Anzatax has the main ingredient Anzatax, which belongs to the taxan group of anti-cancer drugs. The drug is prepared in the form of a concentrated solution for injection:Anzatax medicine 6mg/ml; The 5ml vial contains 30 mg of Anzatax; 16.7ml vial contains Anzatax 100mg; The 25ml bottle contains Anzatax 150mg. Anzatax is an ETC prescription drug indicated for use in the following cases:
Carcinoma of the ovary : In the first chemotherapy of ovarian cancer, Anzatax is indicated for the treatment of patients with cancer. advanced or residual disease (>1 cm) after initial laparotomy, in combination with cisplatin. In the treatment of ovarian cancer with second-line chemotherapy, Anzatax is indicated for the treatment of metastatic carcinoma of the ovary after substandard, platinum-containing therapy.
Breast Carcinoma: In adjuvant therapy, Anzatax is indicated for the treatment of patients with node-positive breast carcinoma following anthracycline and cyclophosphamide (AC) therapy. Adjuvant therapy with Anzatax should be considered as an alternative to prolonged AC therapy.
Advanced Non-Small Cell Lung Carcinoma: Anzatax, in combination with Cisplatin, is indicated for the treatment of non-small cell lung carcinoma (NSCLC) in non-small cell lung cancer patients. surgery and/or radiation therapy.
AIDS-related Kaposi's sarcoma: Anzatax is indicated for the treatment of patients with advanced AIDS-related Kaposi's sarcoma (KS) who have failed prior liposomal anthracycline therapy.

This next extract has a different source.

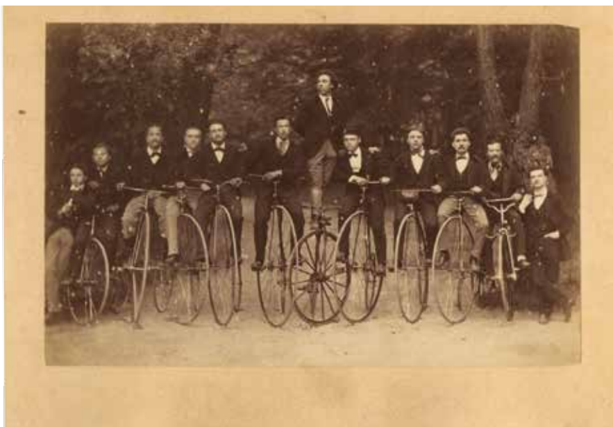
(left) TRANSITIONALLY YOURS Illustrated is a group of riders from the Velocipede Club of Lyon which was one of the earliest Velocipede Clubs in the world. There are ten members with cycles and two without. Bikes include a traditional "velocipede"; several "transitional wood, or wire, spoked 'open head' high wheel bicycles. Note the formal attire and the one rider balancing on the saddle. Selected because of the scene, clothing, outside location, and exceptional variety of early bicycles. Size of mount is 12-1/4" x 9". Size of image is 7" x 5-1/2". Albumen photograph. Joguet pere & fils. Circa 1872. Lyon France.

2. Pharmacodynamics of Anzatax
Anzatax is a novel antimicrobial agent that promotes the assembly of microtubules from tubulin dimers and stabilizes microtubules by preventing degradation. This stabilization leads to inhibition of the normal dynamic reorganization of the microtubule network required for important interphase and mitotic cell functions. In addition, Anzatax causes abnormal plaques or "bundles" of microtubules throughout the cell cycle and numerous microtubule vacancies during mitosis.
After intravenous administration of Anzatax, Anzatax plasma concentrations decrease in two phases. The initial rapid decline represents distribution to the peripheral compartment and elimination of the drug. The latter is partly due to the relatively slow flow of Anzatax from the peripheral compartment.
3. Pharmacokinetics of Anzatax
After intravenous administration, Anzatax reduces plasma drug concentrations in 2 phases. The pharmacokinetics of Anzatax were determined 3 and 24 h after infusion at doses of 135 and 175 mg/m 2 . The estimated mean terminal half-life ranged from 3.0 to 52.7 hours, and the mean, non-compartment, values for total body clearance ranged from 11.6 to 24.0 l / hour / m 2 ; Total body clearance appears to decrease with higher plasma concentrations of Anzatax. The mean steady-state volume of distribution ranges from 198 to 688 l/m2, indicating extensive extravascular and/or tissue-associated distribution. During a 3-hour infusion, the dose is gradually increased leading to non-linear pharmacokinetics. For a 30% increase in dose from 135 mg/m2 to 175 mg/m2, the Cmax and AUC → ∞ values increased by 75% and 81%, respectively.
Inpatient variation in systemic Anzatax exposure is minimal. There is no evidence of accumulation of Anzatax with multiple courses of treatment.
In vitro studies of binding to human serum proteins indicate that 89-98% of the medicinal product is bound. The presence of cimetidine, ranitidine, dexamethasone or diphenhydramine did not affect the protein binding of Anzatax.
In clinical trials with concomitant administration of Anzatax and doxorubicin, the distribution and elimination of doxorubicin and its metabolites were prolonged. Total plasma exposure to doxorubicin was 30% higher when Anzatax was immediately following doxorubicin than when there was a 24-hour interval between the medicinal products.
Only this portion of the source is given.